Yorkshire Water is facing a formal investigation by the Information Commissioner’s Office (ICO) over its refusal to disclose the number of red grouse shot on its land.

The investigation has been prompted by an official complaint lodged with the ICO by Ban Bloodsports on Yorkshire’s Moors and the League Against Cruel Sports, after Yorkshire Water failed to comply with an environmental information request seeking the data.
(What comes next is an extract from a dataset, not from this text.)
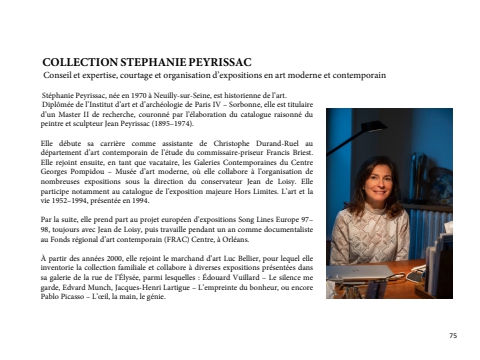COLLECTION STEPHANIE PEYRISSACConseil et expertise, courtage et organisation d%u2019expositions en art moderne et contemporainSt%u00e9phanie Peyrissac, n%u00e9e en 1970 %u00e0 Neuilly-sur-Seine, est historienne de l%u2019art.Dipl%u00f4m%u00e9e de l%u2019Institut d%u2019art et d%u2019arch%u00e9ologie de Paris IV %u2013 Sorbonne, elle est titulaire d%u2019un Master II de recherche, couronn%u00e9 par l%u2019%u00e9laboration du catalogue raisonn%u00e9 du peintre et sculpteur Jean Peyrissac (1895%u20131974).Elle d%u00e9bute sa carri%u00e8re comme assistante de Christophe Durand-Ruel au d%u00e9partement d%u2019art contemporain de l%u2019%u00e9tude du commissaire-priseur Francis Briest. Elle rejoint ensuite, en tant que vacataire, les Galeries Contemporaines du Centre Georges Pompidou %u2013 Mus%u00e9e d%u2019art moderne, o%u00f9 elle collabore %u00e0 l%u2019organisation de nombreuses expositions sous la direction du conservateur Jean de Loisy. Elle participe notamment au catalogue de l%u2019exposition majeure Hors Limites. L%u2019art et la vie 1952%u20131994, pr%u00e9sent%u00e9e en 1994.Par la suite, elle prend part au projet europ%u00e9en d%u2019expositions Song Lines Europe 97%u201398, toujours avec Jean de Loisy, puis travaille pendant un an comme documentaliste au Fonds r%u00e9gional d%u2019art contemporain (FRAC) Centre, %u00e0 Orl%u00e9ans.%u00c0 partir des ann%u00e9es 2000, elle rejoint le marchand d%u2019art Luc Bellier, pour lequel elle inventorie la collection familiale et collabore %u00e0 diverses expositions pr%u00e9sent%u00e9es dans sa galerie de la rue de l%u2019%u00c9lys%u00e9e, parmi lesquelles : %u00c9douard Vuillard %u2013 Le silence me garde, Edvard Munch, Jacques-Henri Lartigue %u2013 L%u2019empreinte du bonheur, ou encore Pablo Picasso %u2013 L%u2019%u0153il, la main, le g%u00e9nie.75

Eleven moors across the county are leased out by the utility business for grouse shooting, with permits issued allowing shooting parties to meet on water catchments to kill game birds for entertainment.
 
Luke Steele, Spokesperson for Ban Bloodsports on Yorkshire’s Moors, said:

“If Yorkshire Water is comfortable with leasing land for grouse shooting then it should be transparent about how many birds are being shot for entertainment with its permission.

It clearly doesn’t sit comfortably with many of the company’s customers, thousands of whom have already raised formal objections, that the land which Yorkshire Water obtains their drinking water from is also leased out as a killing ground.

We welcome the investigation by the Information Commissioner’s Office into whether Yorkshire Water has acted lawfully by refusing to disclose the number of red grouse shot on its land.”

The complaint filed with the ICO is the latest escalation in a high-profile campaign urging Yorkshire Water to stop leasing land for grouse shooting amid widespread damage to wildlife and the environment.

Wild animals, including foxes, stoats, weasels and hare are being killed by trap, snare and guns on the company’s land to ensure large numbers of game birds are available for shooting. Hundreds of bone-breaking traps have been found across the company’s leased moors, many of which are popular with walkers.

Gamekeepers operating on Yorkshire Water land have also burnt large sections of heather moorland to engineer prime breeding habitat for red grouse. Important peatland habitat has also been damaged by burning, driving out native wildlife and damaging blanket bog.


Nick Weston, Head of Campaigns at the League Against Cruel Sports, said:

“Yorkshire Water’s customers have a right to know exactly what the company they buy their water from is doing with the land it owns and the impact that has on the local environment and ecology.

It is high time that Yorkshire Water ends grouse shooting on its moors. Not only for the sake of the animals and environment, but for the peace of mind of its paying customers.”

– ENDS –

Please sign this e-petition by Chris Packham calling for a ban of driven grouse shooting.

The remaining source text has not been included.